War correspondent Chester Wilmot wrote after the war that the German defensive plan to halt any American breakout was to hold the front line "very lightly and to concentrate upon holding the road junctions for a depth of three or four miles behind the front", with the intention of delaying any break-through by reducing the speed of the advance to the pace the infantry could manage. Once Operation Cobra was launched, Allied troops were able to bypass the German positions using the Rhino tanks, thereby allowing the advance to continue, leaving the strong points to be dealt with by infantry and engineers.

Blumenson describes how during the launch of Operation Cobra, tanks with the 2nd Infantry Division, supported by artillery, advanced without infantry for twenty minutes, covering several hundred yards and knocking holes in hedgerows before returning to their starting position. The tanks and infantry then advanced rapidly together before the Germans were able to re-establish their defensive positions.

During Operation Bluecoat (a British offensive during the Normandy campaign), British Churchill tanks (Note: These tanks were of the 6th Guards Tank Brigade.) equipped with Prongs were able to traverse terrain considered impassable to tracked vehicles, taking the German defenders by surprise.

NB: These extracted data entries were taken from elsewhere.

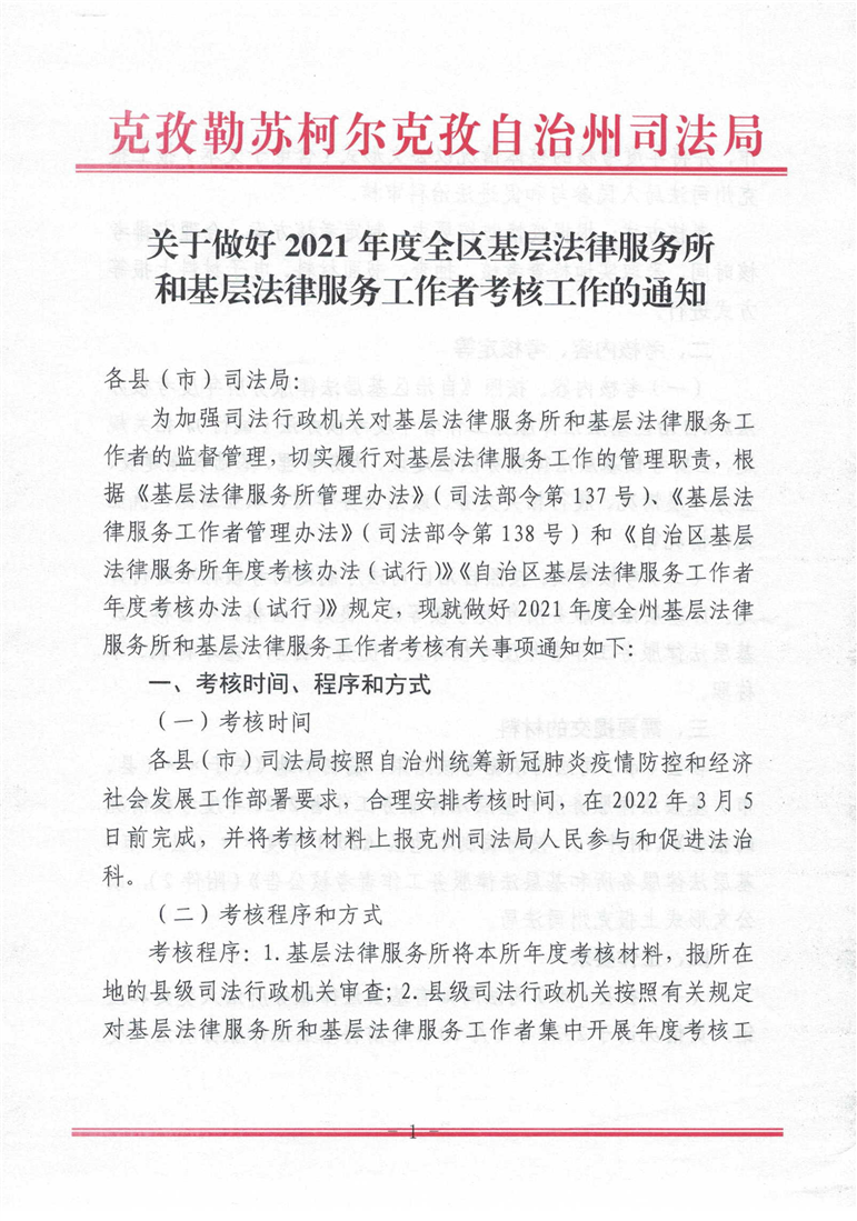 关于做好2021年度全区基层法律服务所和基层法律服务工作者考核工作的通知
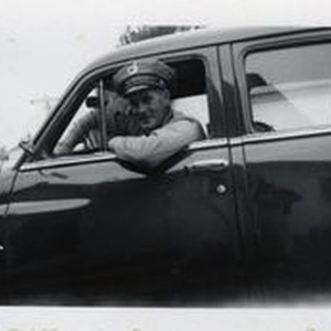 Photo--black and white: Sebastopol Police Officer Lemual "Shorty" Plumley in uniform in a dark car looking out the window at the photographer.
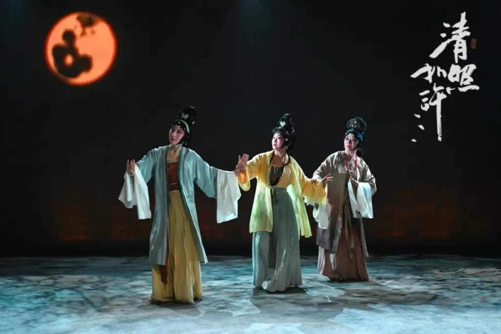 有趣的是,今年還有一部參演劇目也是“同款”題材。京劇《清照如許》以李清照的人生經(jīng)歷為藍(lán)本,采用意識流敘事,讓少女、中年與老年三位“李清照”同臺對話,展現(xiàn)其在婚姻、家國、名譽(yù)與自我抉擇中的生命軌跡。來自中國戲曲學(xué)院的教授、梅派傳人張晶和來自國家京劇院的鞏麗娟、宋若瑄分別扮演老年、少年和中年李清照。
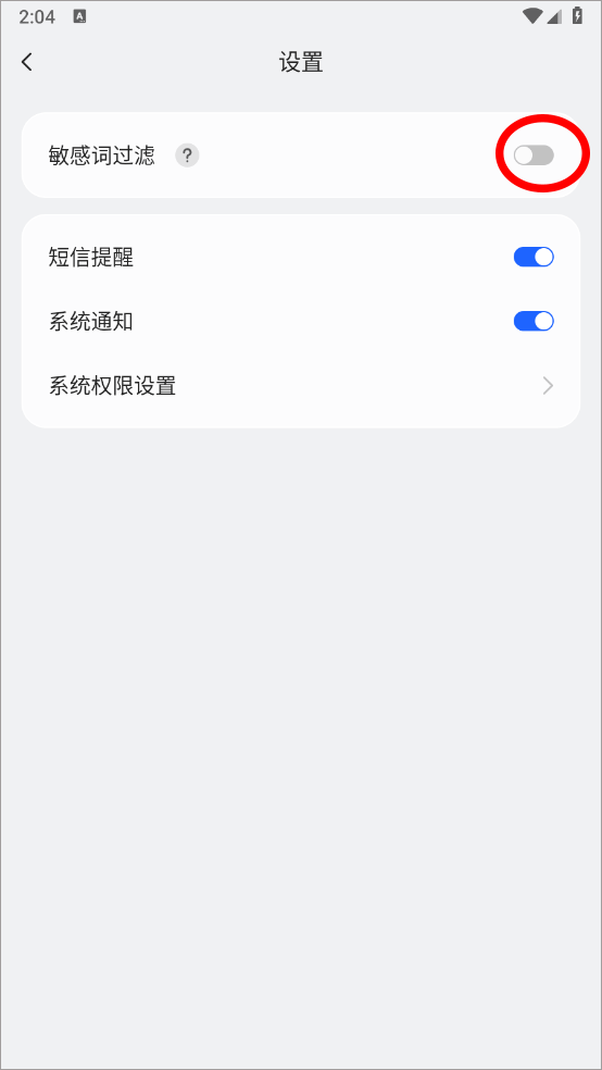3、开启敏感词过滤按钮即可
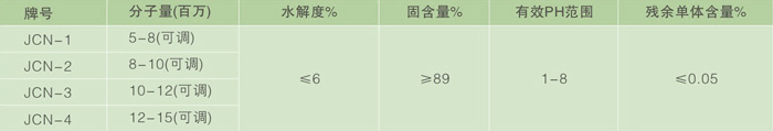非離子聚丙烯酰胺性能指標(biāo):(企業(yè)標(biāo)準(zhǔn):Q/AJC002-2008)
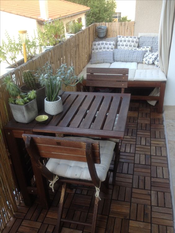 Come organizzare in un balcone piccolo sia lo spazio per un divano che quello per tavolo e sedie? Semplice, ottimizzando nel migliore dei modi lo spazio a disposizione. Date uno sguardo all’esempio che vi mostriamo.
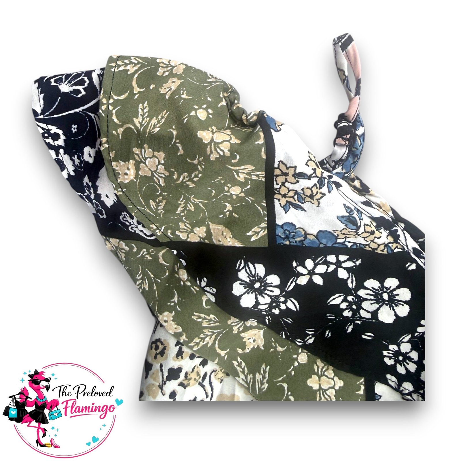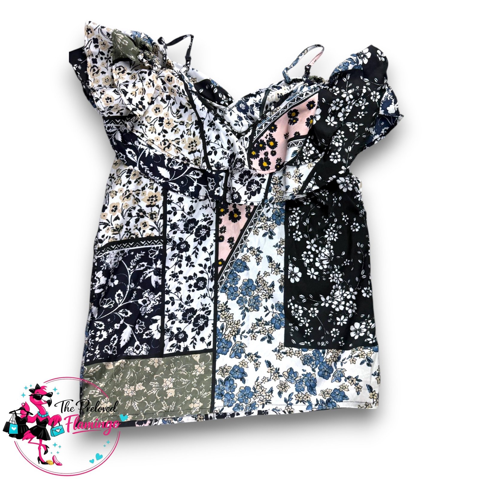 This unique patchwork-style top features a mix of floral prints in neutral and earthy tones, creating a standout boho-inspired look. Designed with cold shoulder cut-outs, adjustable straps and a soft ruffle neckline for a flattering, feminine finish.
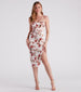 You'll look pretty as a picture in this floral satin midi dress for all of your springtime frolics! It features a sleeveless v-neck, adjustable spaghetti straps a cowl pleated neck overlay, and a form-hugging silhouette with a sultry side slit. Style with a chic handbag for a date or wedding shower!

Military historian Steven Zaloga claims that the devices "were not as widely used as the legend would suggest", nor were they as effective as is often believed. But Max Hastings and Chester Wilmot credit the invention with restoring battlefield maneuverability to the Allied force. Martin Blumenson states that while the device restored mobility in hedgerow country, it "was of little tactical value in the breakout, except possibly as a morale factor to the troops, since the tanks advanced on the roads, not cross-country."